Carson Meyer’s luck has finally turned. The Ohio native and Columbus Blue Jackets draft pick was hoping to make it the Buckeye State trifecta by transferring to Ohio State for his junior year collegiate season. Meyer struggled this past season at Miami University, fighting health issues and fatigue to record only ten points despite reaching 26 as a freshman and 51 in his final junior season in the USHL. Meyer later discovered that the “sickness” impacting his play was actually a 25-inch tapeworm. Wanting to put that experience past him, Meyer transferred to OSU only to be told that he would likely have to sit for a year due to NCAA transfer rules. However, the university has announced that the NCAA has approved their submitted waiver for Meyer to participate immediately this year. Now back at full health and joining a team that reached the Frozen Four last year, the quick winger could be in store for a breakout campaign.

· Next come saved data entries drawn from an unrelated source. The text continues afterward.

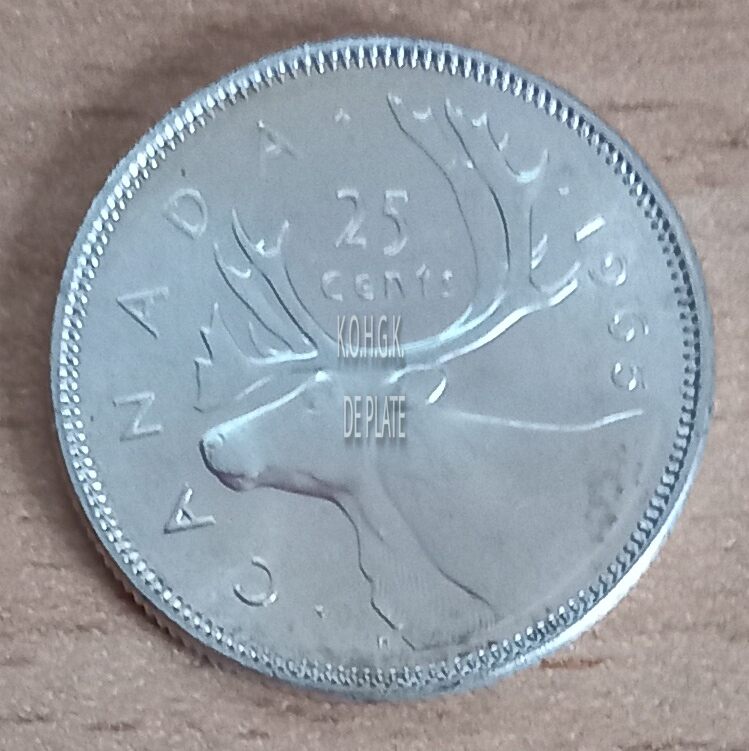 Op de keerzijde : rondom een parelrand, rondom links CANADA, rondom rechts 1965, centraal boven 25 CENTS daaronder een kariboe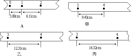 ①在甲、乙、丙三段纸带中,属于纸带A的是________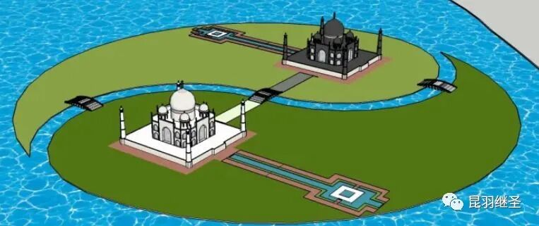 泰姬陵的布局如下,从泰姬(Taj)到太极,从黑到白,阴阳相生,难道真的仅仅只是巧合?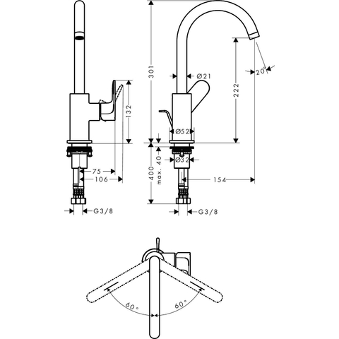 Le bec pivotant avec une amplitude de 120 degrés rend l'utilisation du lavabo particulièrement flexible et confortable. Que vous vous laviez les mains, rinçiez le visage ou remplissiez un seau, vous disposez toujours de suffisamment d'espace et de liberté de mouvement. La garniture de vidage pop-up fournie se commande facilement d'une seule main, ce qui augmente la facilité d'utilisation. De plus, lors de l'installation, vous pouvez régler une température maximale, offrant une sécurité supplémentaire pour vous et votre famille. Les flexibles de raccordement facilitent également une installation rapide et simple, même si vous n'avez pas beaucoup d'expérience en sanitaire.
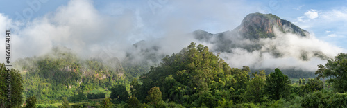 Scenic early morning rural landscape panorama with low clouds above valley and limestone mountain, Chiang Dao countryside, Chiang Mai, Thailand

- Boston University has received a commitment from U.S. National Development Team defenseman Dominick Fensore, beginning in the 2019-20 season. The young rearguard took to Twitter to announce the decision himself. While Fensore clearly has enough talent to play in the exclusive development program, he brings the undersized defensemen trend to a new level. The 16-year-old stands 5’6″ and is listed at just 141 pounds. While the teenage blue liner surely has more growing to do, that is incredibly small for any hockey player, never the less a defenseman. Luckily, BU has excelled in recent years with developing smaller defensemen, such as the Boston Bruins’ Matt Grzelcyk and current NHL prospects Chad Krys (CHI) and David Farrance (NSH). After another year with the USNTDP, playing alongside top 2019 defensive prospect and future Boston College rival Cam York, Fensore should be ready to join the Terriers and make an impact at the college level.

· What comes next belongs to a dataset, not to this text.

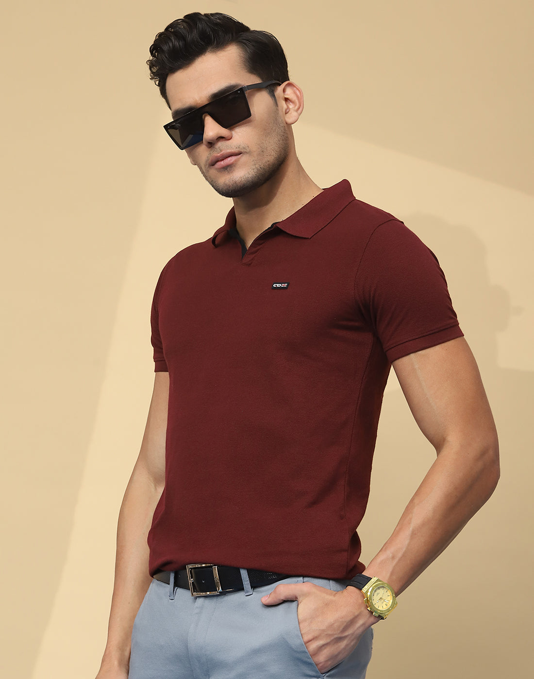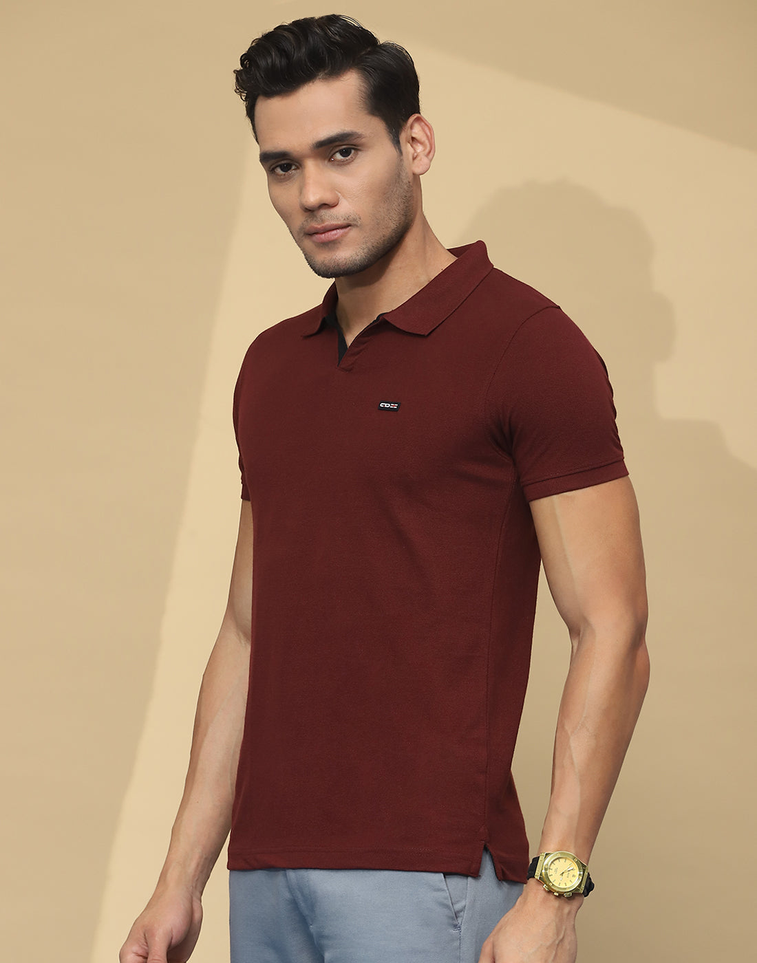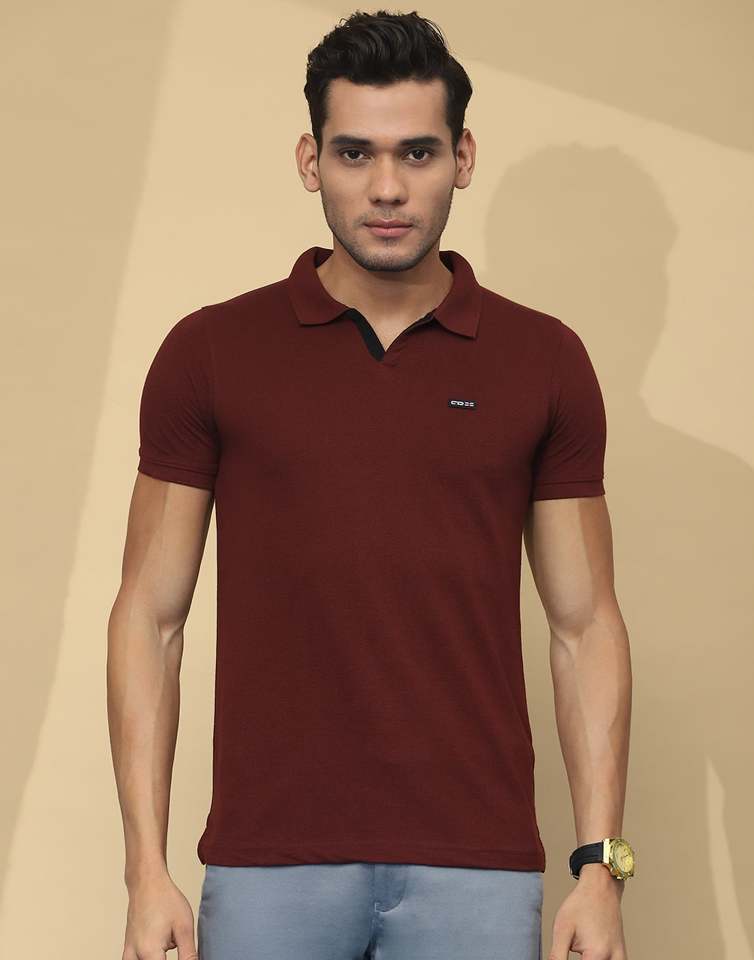 Men Maroon Solid Collar Half Sleeve T-Shirt

- The rules for overtime in the NCAA will be a bit different going forward and how different they are will depend on the conference. The NCAA approved a proposal this week that gives each conference autonomy in deciding how best to handle overtime out of three options. If the score is tied after regulation, there will continue to be a mandatory five-minute, five-on-five overtime. After that, the new rule allows for a) the game to end in a tie, b) a shootout, or c) a five-minute, three-on-three overtime followed by a shootout. Non-conference games and postseason games will continue to use their previous overtime formats. Another new rule also provides each time with an additional timeout if the game goes to overtime. Other approved rule changes include using video replay to review ejection-worthy penalties, new definitions for slashing and legal substitution, and – perhaps most interesting – allowing teams to dress 19 players rather than the typical 18 players for each game.
dugdog83
Totally thought this article was about Urban Meyer
aberdeen101
The NCAA really has no clue about their own transfer rules. This kid has no reason to be eligible immediately. People who know the rule understand this. What a joke to allow Meyer to be eligible immediately. Circumventing the rules.
Connorsoxfan
*25 inches. Big difference. Still god awful, but huge difference.
Zach Leach
Haha huge difference. Good catch.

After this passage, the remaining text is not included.